Hi there,
this is a question so basic that I can’t even believe it.
Can you build a quantum circuit with a Fock state via the sf.ops.Fock() method? Even downloading demos from SF where it was used. Then I want to get the ket output vector (no measurements on a 2 mode program). It works fine if I do not use the Fock command, even if i manually implement it via Ket() method.
Hope to hear from you!
Example v.23.0
import numpy as np
import strawberryfields as sf
from strawberryfields.ops import *
prog = sf.Program(2)
eng = sf.Engine("fock", backend_options={"cutoff_dim": 3})
with prog.context as q:
# Fock(2) | q[1]
sf.ops.Ket(np.array([0,0,0,0,0,0,0,0,2]))| (q[0], q[1])
BSgate(np.pi/4) | (q[0], q[1])
#MeasureFock() | q[0]
results = eng.run(prog)
print(results.state.ket())
Hi, @zephir!
Thank you for your question.
I am not fully sure that I understand the application you are trying to build. However, there is a demo on Boson sampling and the permanent where they use the sf.ops.Fock() method to build a four mode interferometry. I ran their code just now and it works like a charm.
I want to add a comment by my colleague that Strawberry Fields was designed specifically to run experiments on our old Gaussian Boson Sampling devices. It’s not being actively developed at the moment. In addition, you might want to take a look at PennyLane and see if you can implement your application on it.
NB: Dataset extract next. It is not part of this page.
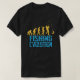 Illustration humoristique de l'évolution de l'homme d'un cavalier à un pêcheur moderne. Le caveman tient un bâton avec un rocher pointu à la fin, l'homme ancien utilise une lance, l'homme médiéval utilise un arc et une flèche, et l'homme moderne utilise une canne à pêche. Le design est parfait pour les amateurs de pêche, ou ceux qui apprécient le rire.

You can also provide more details on what you are trying to build and I can try to provide more context about PennyLane regarding your specific needs.
Thanks.
Hi there,
thanks for the quick response!
Well my question is, why when i use the Fock operation in my example, it doesn’t seem to have a ket state. It is kind of confusing me.In teh example you mentioned, it behaves the same - you get measurements and Fock amplitudes, but a ket state object that is None.
Ah! I understand your question now.
I think I can provide you with an answer, or at least an alternative to extract the information about the state when you use the Fock method.
Try using the density matrix instead results.state.dm(). I used it with your code and was able to get an output. I ran the following code.
import numpy as np
import strawberryfields as sf
from strawberryfields.ops import *
prog = sf.Program(2)
eng = sf.Engine("fock", backend_options={"cutoff_dim": 3})
with prog.context as q:
Fock(2) | q[1]
#sf.ops.Ket(np.array([0,0,0,0,0,0,0,0,2]))| (q[0], q[1])
BSgate(np.pi/4) | (q[0], q[1])
#MeasureFock() | q[0]
results = eng.run(prog)
print(results.state.dm())
I found a line in the documentation that made me think of considering density matrices instead: The prepared mode is traced out and replaced with the Fock state. As a result the state of the other subsystems may have to be described using a density matrix.
Was this of any help? Let me know if you have any questions.
Hey @daniela.murcillo !
Fantastic answer. In fact, I also read over it. Back in the days, when I used Coherent(), I observed that the system changed to dm-based description, should have remembered that one. Thx 
I hope I can bother you with other questions I probably will have in the future!